Functionalized diene polymers having silanol functional groups at the ends, or polysiloxane blocks having silane ends, or functionalized diene polymers modified along the chain by silanol functional groups, are carbon blacks having silica fixed to the surface as a reinforcing filler. It has a special ability to be used to form a rubber composition comprising.

The proportion of carbon black having silica fixed to the surface is at least 30 parts by weight of the polymer weight.

The carbon black having silica adhered to the surface can be used in blends with carbon black or white fillers, in particular other reinforcing fillers such as silica. The relative percentages of these fillers can be adjusted based on the trade-offs of the properties desired by those skilled in the art.

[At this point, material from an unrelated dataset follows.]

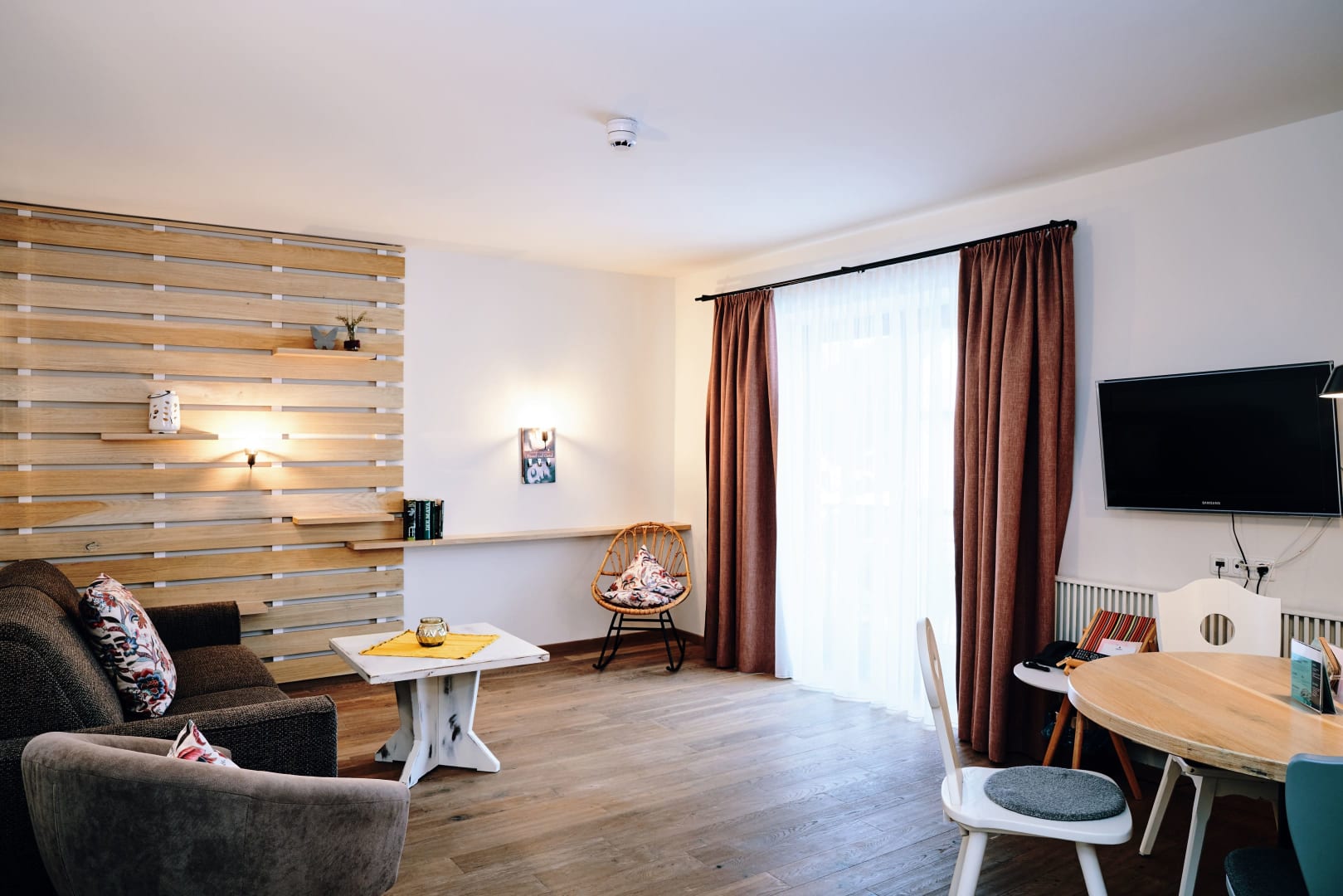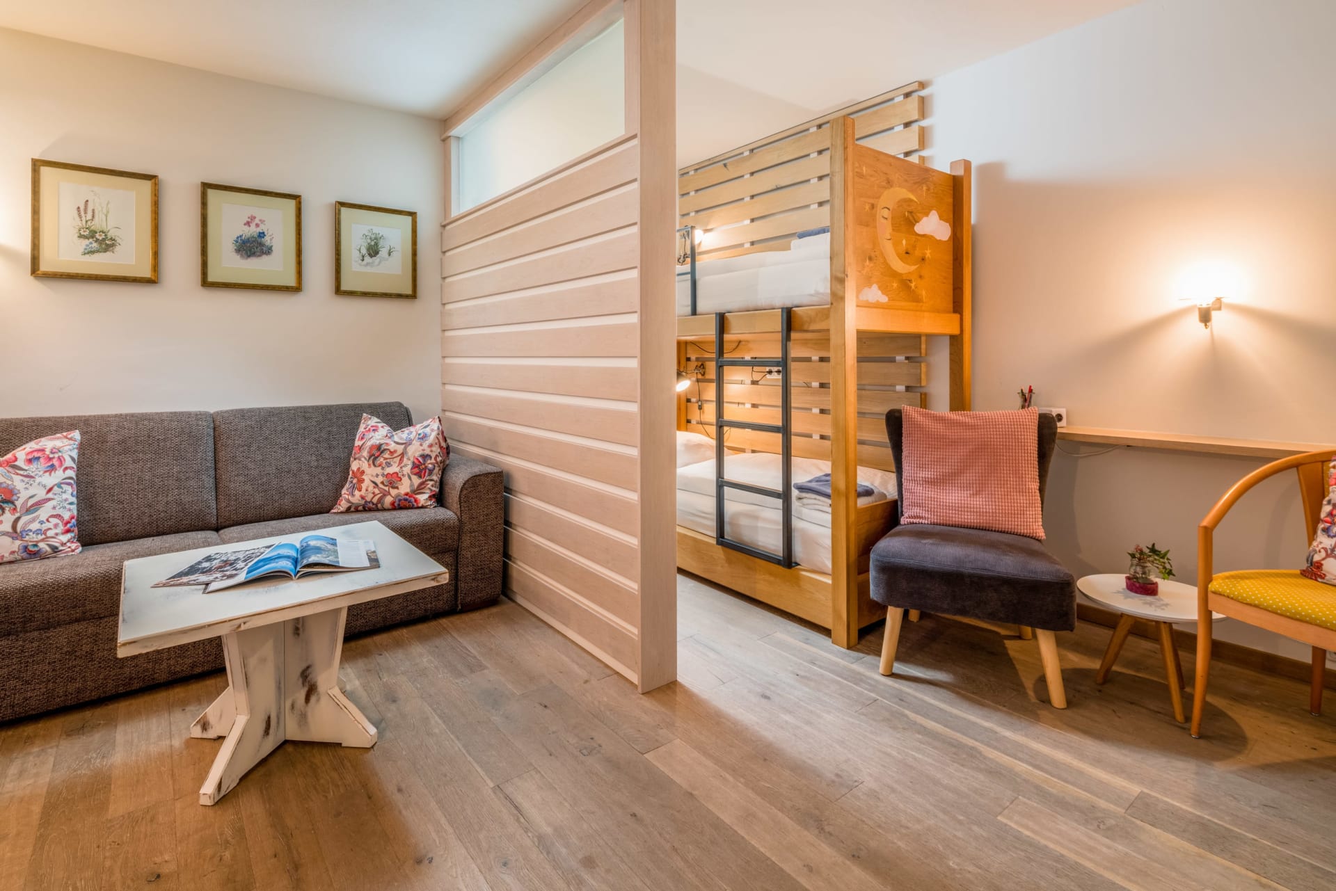 Erleben Sie einen unvergesslichen Aufenthalt in unserer komfortablen Wohnung mit herrlichem Blick auf die umliegende Berglandschaft. Die Wohnung verfügt über ein gemütliches Schlafzimmer mit Doppelbett sowie einen Wohnbereich mit Stockbetten, der durch eine elegante Sichtwand abgetrennt ist – ideal für Familien.

The amount of silica present on the carbon black surface is 0.1 to 50% by weight, preferably 0.3 to 30% by weight.

The carbon black described above in which silica is fixed on the surface can be obtained by different manufacturing methods. As an example thereof, the manufacturing method described in European Patent Application No. 0,711,805, Japanese Patent Application No. 63-63755, or the manufacturing method and patent application of ECOBLACK CRX2000 commercially available from CABOT Co. Mention may be made of the preparation methods described in WO96 / 37547.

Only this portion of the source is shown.